Rubrics make for less subjective grading; either the student did something or he didn't. Easy. Objective grading allows teachers to easily defend the grades they're giving. Teachers have even adapted rubrics for traditionally subjectively graded assignments like essays. For example, does a student have a certain number of quotations? Even when evaluating something complex, like analysis, the difference between an outstanding paper and an average paper is represented by a one-column difference in said category, and with some rubrics, that might carry only a one word difference ("excellent" analysis vs. "good" analysis). Regardless, a teacher just has to circle a few of the rubric categories and voila! Done grading.

This is not to say that all rubrics are bad.  They can be useful to make the teacher's expectations clear to a student and push him to do more. In other words, they can be helpful in evaluating effort. But when students are working to complete a rubric, they're extrinsically motivated. We want to encourage intrinsic motivation as well.

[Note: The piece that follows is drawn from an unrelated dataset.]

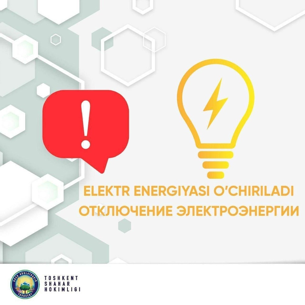 Yakkasaroy tumanining: Zarbog', Voxidova, Rakatboshi, Yusuf Hos Hojib, G.Karimova, Akilova, Mirakilova, Bog'idil, Mirakilova, Mirakilova 1-tor, Shmita, M.Yoqubova, Mirobod, Mirobod 1- va 2-tor hamda Usmon Nosir ko'chalari hududidagi aholi yashash xonadonlarida elektr energiyasi vaqtinchalik o'chiriladi.

Another way to think about this problem is with student homework completion. A student is more likely to complete an easy assignment than a hard one; he's more likely to complete a straightforward assignment than a creative or open-ended one. That's because we've reduced grades to the most straightforward measurement possible: checking boxes on a rubric. Students know that a teacher will tell them exactly what they need to do to get an A. And that's what we're getting back from students: "I'm going to do what I have to do to check these boxes, and no more." We're pushing them towards that lowest common denominator attitude.

Beyond Rubrics in Education

By the time students get to my course, they've lost their intrinsic motivation to learn, their creativity, and their understanding of the real world outside of education. In both my project-based and personalized learning courses, I have to teach students how to unlearn traditional school, and embrace a new style of learning that I want going on in my classroom.

Creative, open-ended projects where students have choice confront many of the problems described above. Students have to think for themselves, set their own goals, and learn something that they care about. This type of student agency leads to better, more meaningful projects and increases retention. Students won't be turning in the same project meeting the same requirements; they will be defining their own.

Now that we've thrown out the rubric, the question becomes how to assess this style of learning. I submit the coaching model as a solution. As long as teachers ask the right questions to learn from the student what he's doing, why, and how. It then becomes easy to provide feedback and steer the student in the right direction. One consistent question I ask in my personalized learning class is, "How will I know if you're learning?" Asking that type of question, that encompasses an opportunity for self reflection, should be enough for a teacher to know if a student is truly putting in effort and learning in the course. Only with this style of assessment and feedback is it fair for a teacher to say that a student "exceed expectations," a term that ironically appears in many teacher rubrics.

Project-based and personalized learning courses that are evaluated in this manner emulate what our students will do in the real world. Workers that just complete the tasks of a rubric, or training manual, are low in demand and paid little; in the future, box-checking jobs will be automated. Instead, we want to train workers that are intrinsically motivated learners with strong communication and creative-thinking skills. Finally, we want to prepare our students to be resilient in the face of constructive criticism. This is a tough lesson to teach in schools, but it's made tougher when students work off a teacher's rubric, rather than defining their own projects and metrics of success.

Ultimately, we're trying to change student attitudes from "what do I have to do" to "what do I get to do." We're working to train creative, lifelong learners, who break the mold. We can't do that when teachers are grading them with a mold.